McIntosh, 19, finished the 200-meter butterfly in 2 minutes, 1.65 seconds, bettering the 2:01.81 set by China’s Liu Zige for a long-course (50-meter) pool in October 2009. That was months before a global ban on the polyurethane “super suits” that swimmers wore in breaking more than 100 world marks in 2008 and 2009.
“To be honest, as soon as I dove in, I felt absolutely incredible,” McIntosh said in an interview with the CBC. “The crowd just got my adrenaline going. … I went out pretty fast and I think I just held on very well. It was done very well and it’s a great way to start off trials.”
McIntosh now has four world records at long-course pools, with the 400-meter freestyle and 200- and 400-meter individual medleys. Those latter three were set at the 2025 Canadian trials.
She also has multiple world championships in the 200 butterfly.
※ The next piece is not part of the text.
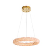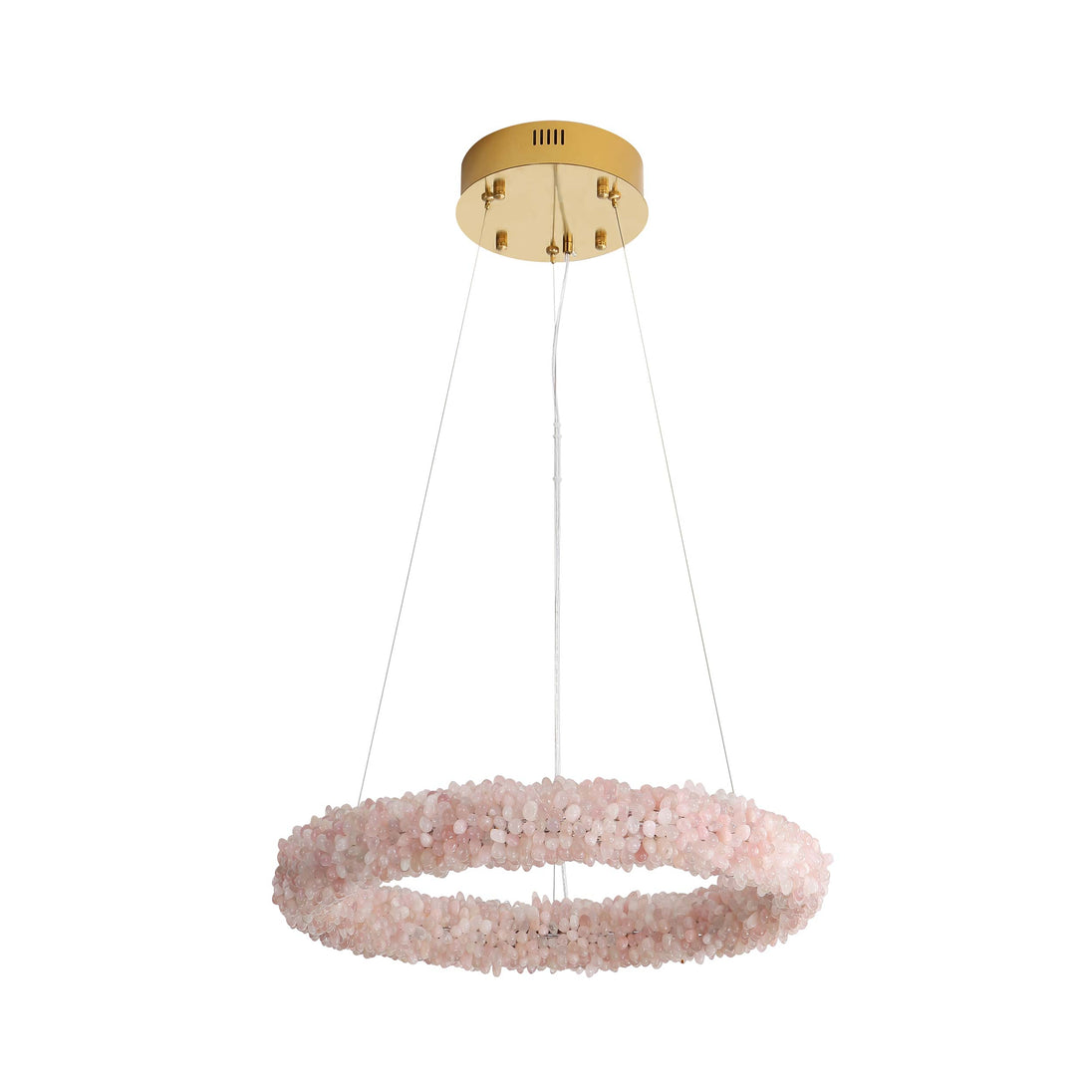 Experience nature-inspired elegance with the Ziva by Golden Lighting Corallo Integrated LED 22in Chandelier. Crafted from exquisite natural gemstones, this chandelier creates a captivating focal point with its unique design. Hand-selected rose quartz stones evoke the tranquility of ocean coral reefs, illuminating the space with a soft, radiant glow when lit. Dry-location rated, this chandelier is perfect for indoor spaces such as dining rooms and living areas, providing an enchanting atmosphere. Sloped-ceiling compatible with an adjustable height design, it can be customized to suit your home. Overall dimensions are 21.63"W x 2.88"H x 21.63"D, featuring integrated LED technology for brilliant, energy-efficient illumination with a long-lasting light source that provides 4540.38 rated lumens at a 3000K CCT. Discover the perfect blend of organic beauty and modern functionality in your living spaces.

McIntosh won the event as one of three golds collected along with one silver as a 17-year-old at the 2024 Summer Olympics in Paris.
McIntosh was 0.18 seconds short of the 200 butterfly mark at the 2025 world championships, and then came Sunday’s record-breaking performance.
“This is probably, in my opinion, one of the hardest world records in the books, on the women’s side at least,” she said. “That’s always been a really big goal of mine. … To now break it, it’s just very surreal.”